For this exercise, copy exactly the lines below from the one with "Dekorationskam med perler" through the one with "達成致しました。沢山のご支援" and leave out the pictures.

> EXCERPTED RECORDS:
Segment Open
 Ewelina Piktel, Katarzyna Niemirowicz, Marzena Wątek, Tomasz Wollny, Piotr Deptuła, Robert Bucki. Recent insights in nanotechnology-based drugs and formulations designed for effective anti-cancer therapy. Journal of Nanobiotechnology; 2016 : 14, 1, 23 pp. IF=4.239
Segment Closed
Segment Open
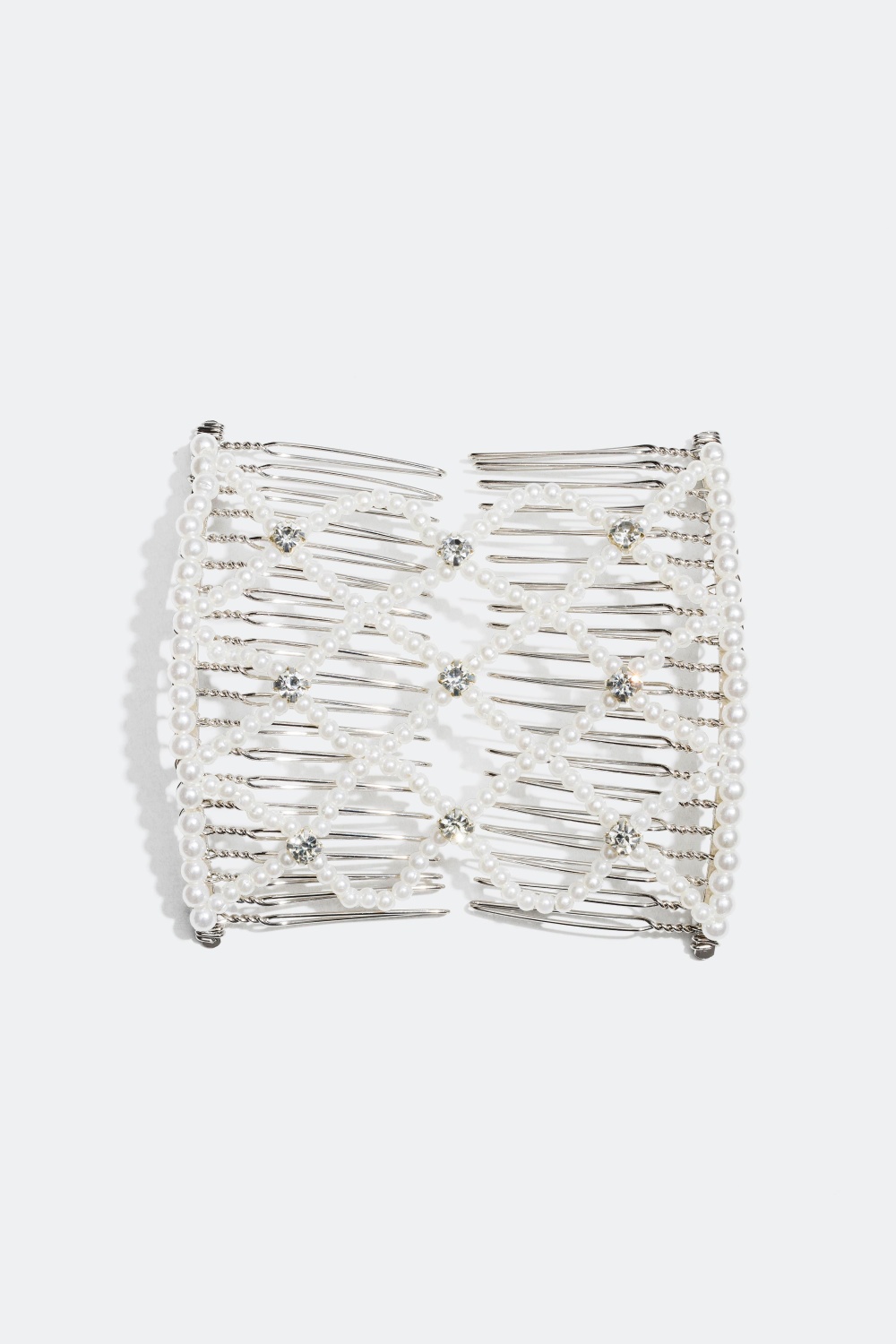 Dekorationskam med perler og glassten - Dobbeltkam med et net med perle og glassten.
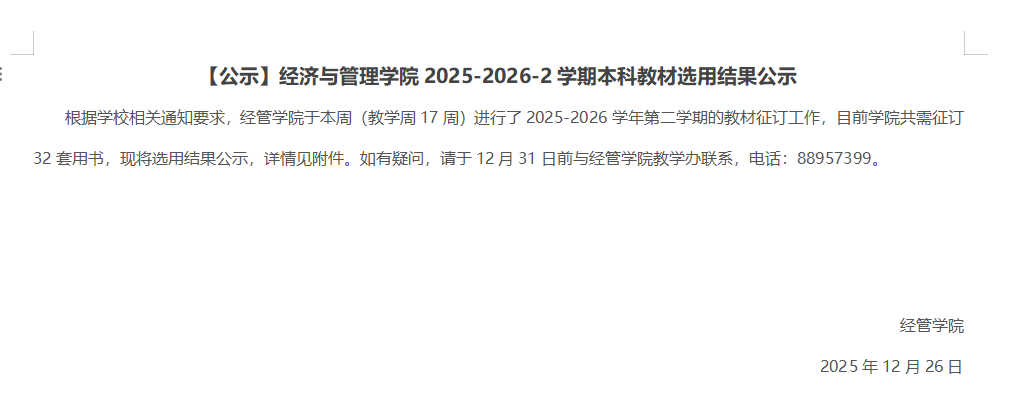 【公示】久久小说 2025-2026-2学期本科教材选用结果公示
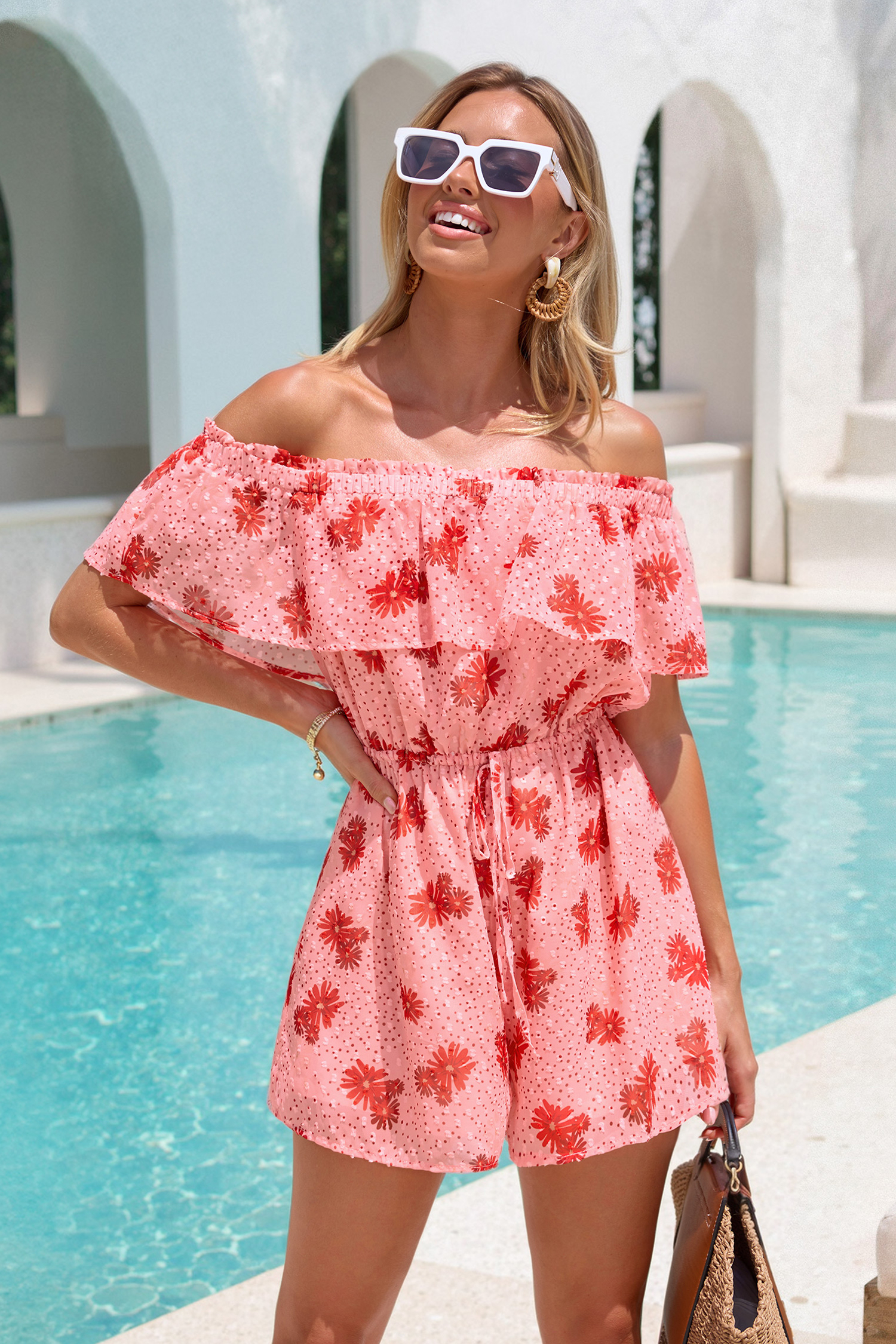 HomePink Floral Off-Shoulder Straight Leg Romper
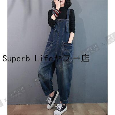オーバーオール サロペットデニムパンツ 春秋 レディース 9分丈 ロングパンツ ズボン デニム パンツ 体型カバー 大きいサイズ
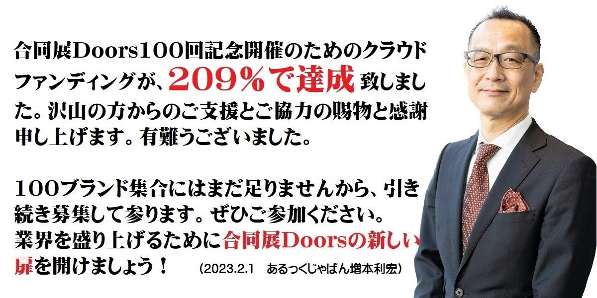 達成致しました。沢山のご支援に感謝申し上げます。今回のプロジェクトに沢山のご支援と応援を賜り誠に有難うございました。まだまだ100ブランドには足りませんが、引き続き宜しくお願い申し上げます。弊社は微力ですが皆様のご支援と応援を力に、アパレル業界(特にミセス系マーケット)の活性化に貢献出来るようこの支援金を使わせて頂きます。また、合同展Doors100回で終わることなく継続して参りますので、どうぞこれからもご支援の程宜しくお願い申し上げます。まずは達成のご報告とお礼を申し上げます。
Segment Closed
> SOLUTION TO THIS EXERCISE:
 Dekorationskam med perler og glassten - Dobbeltkam med et net med perle og glassten.
 【公示】久久小说 2025-2026-2学期本科教材选用结果公示
 HomePink Floral Off-Shoulder Straight Leg Romper
オーバーオール サロペットデニムパンツ 春秋 レディース 9分丈 ロングパンツ ズボン デニム パンツ 体型カバー 大きいサイズ
 達成致しました。沢山のご支援に感謝申し上げます。今回のプロジェクトに沢山のご支援と応援を賜り誠に有難うございました。まだまだ100ブランドには足りませんが、引き続き宜しくお願い申し上げます。弊社は微力ですが皆様のご支援と応援を力に、アパレル業界(特にミセス系マーケット)の活性化に貢献出来るようこの支援金を使わせて頂きます。また、合同展Doors100回で終わることなく継続して参りますので、どうぞこれからもご支援の程宜しくお願い申し上げます。まずは達成のご報告とお礼を申し上げます。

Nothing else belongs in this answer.